Missing Values Prediction
The package can handle missing values by simply including them as NAs. The model parameters are sampled based on the observed data only, and predictTensorBF() predicts the missing values.
Component Selection
The tensorBF package infers the number of components automatically. In practice, this is achieved by initializing the model with a high number of components K (default choice: 20% of the sum of lower two modes) and the method prunes any excessive components. The noiseProp in tensorBF() defines the proportion of variance that is expected to be explained with the components. In case, the data is expected to be heavily noisy, as with many real datasets, experimenting different choices of noiseProp will aid in component selection.
We explain component selection practice with a real tensor dataset of Fig 1. Fig 2 plots the methods behaviour as a function of an increasing number of initial K. The key observation here is that the performance improves until K ≤ 30, after which it stabilizes to the best result. Around the same mark, the model starts to prune all the excessive components indicating that it has already explained the data sufficiently. Therefore, in practice, we suggest to initialize K to a higher enough value and let the model choose the component number automatically. An appropriate K can be identified as one that prunes at least several excessive components.
Analysis and Visualizations
The factorization explains relationships between the variables through K components.
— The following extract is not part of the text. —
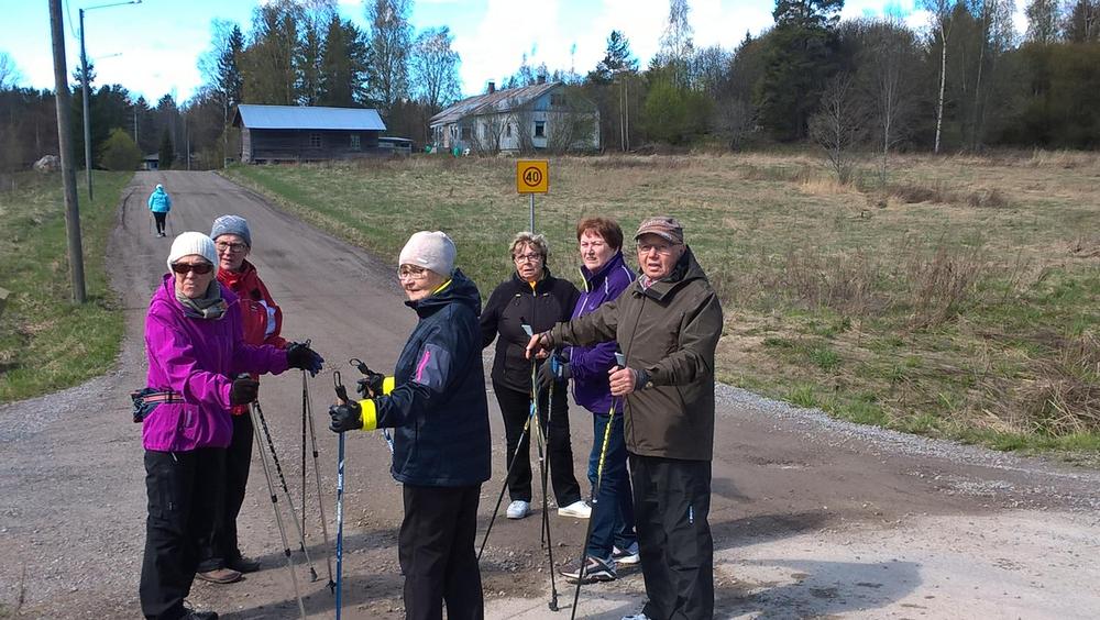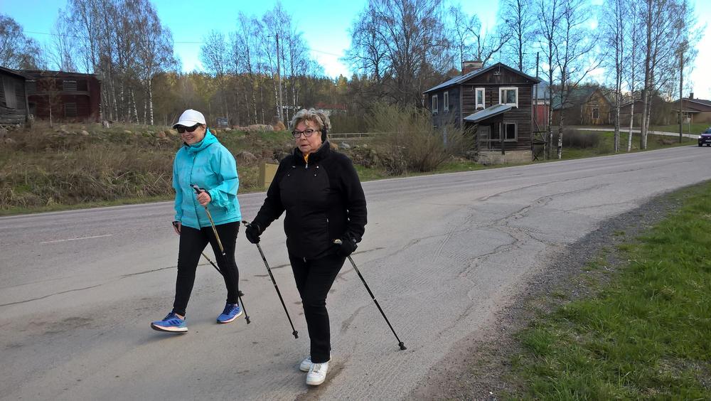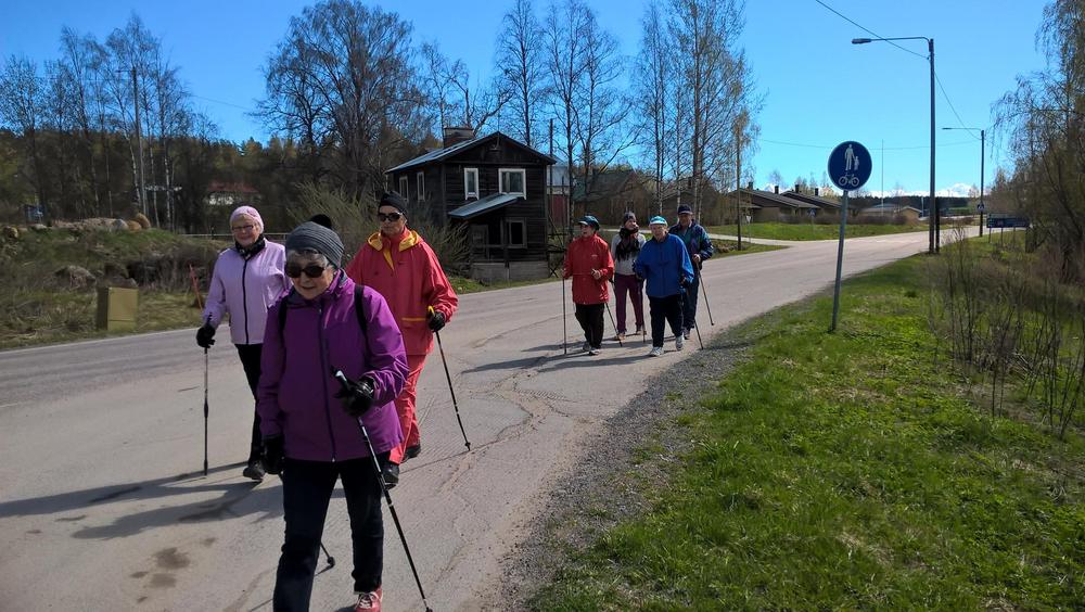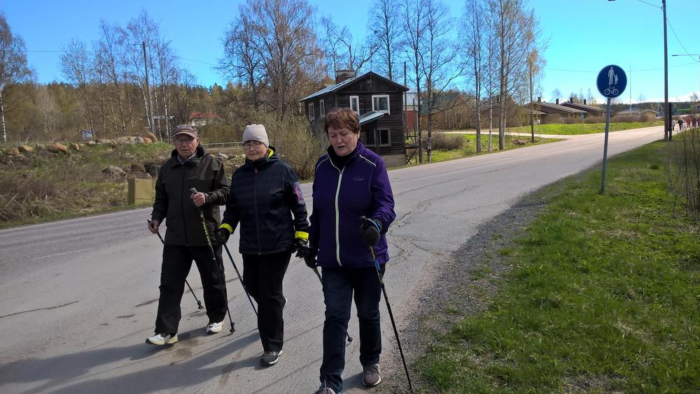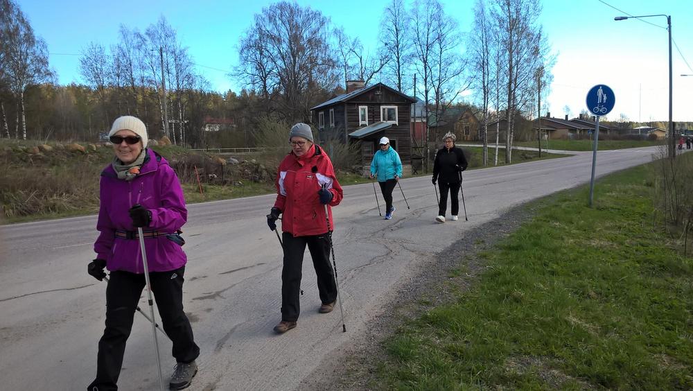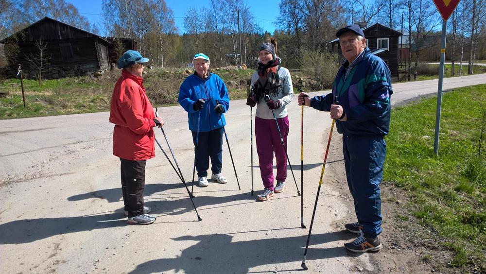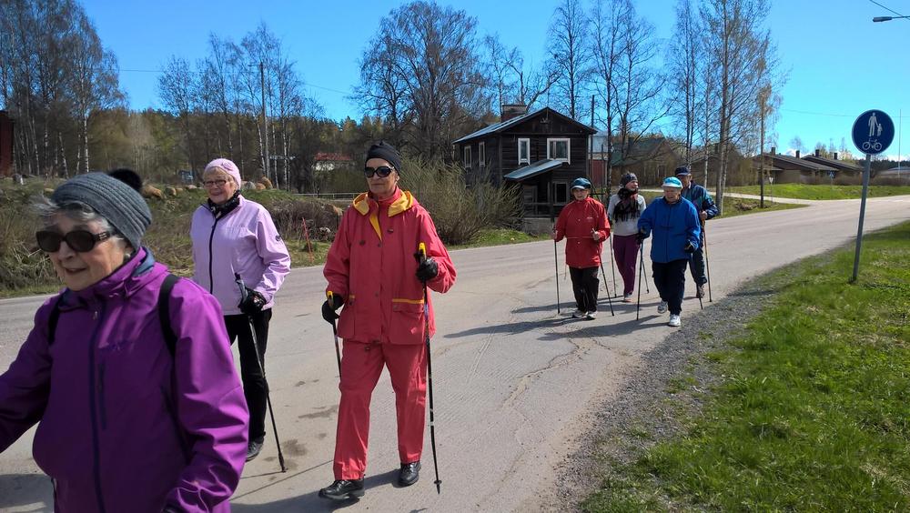Kuhmoisten vt. liikunnanohjaaja Anni Manneri opasti senioreita asiantuntevasti oikeiden välineiden hankintaan ja sauvakävelytekniikkaan. Paikalla oli lukuisa määrä Senioreita.

The components can be visualized using plotTensorBF(). An example of such visualization is shown in Fig 3. The values of the latent variable X indicate that the response is primarily driven by the top 3 drugs in several HSP genes W. High latent scores in U show that this response is common across all three cancers, and can, therefore, be interpreted as a Heat Shock Protein response of HSP90 inhibitors in all three cancers.
4 Discussion
The tensorBF package factorizes a tensor into low-dimensional latent factors, inferring meaningful relationships. The package provides essential tools ranging from normalization to automatic component selection, and from setting informative noise prior to interpreting the factorization. The package is a new contribution in the data analysis domain focusing on tensors with a fully Bayesian treatment of the latent factors.
Funding
This work was financially supported by the Academy of Finland (grant 296516).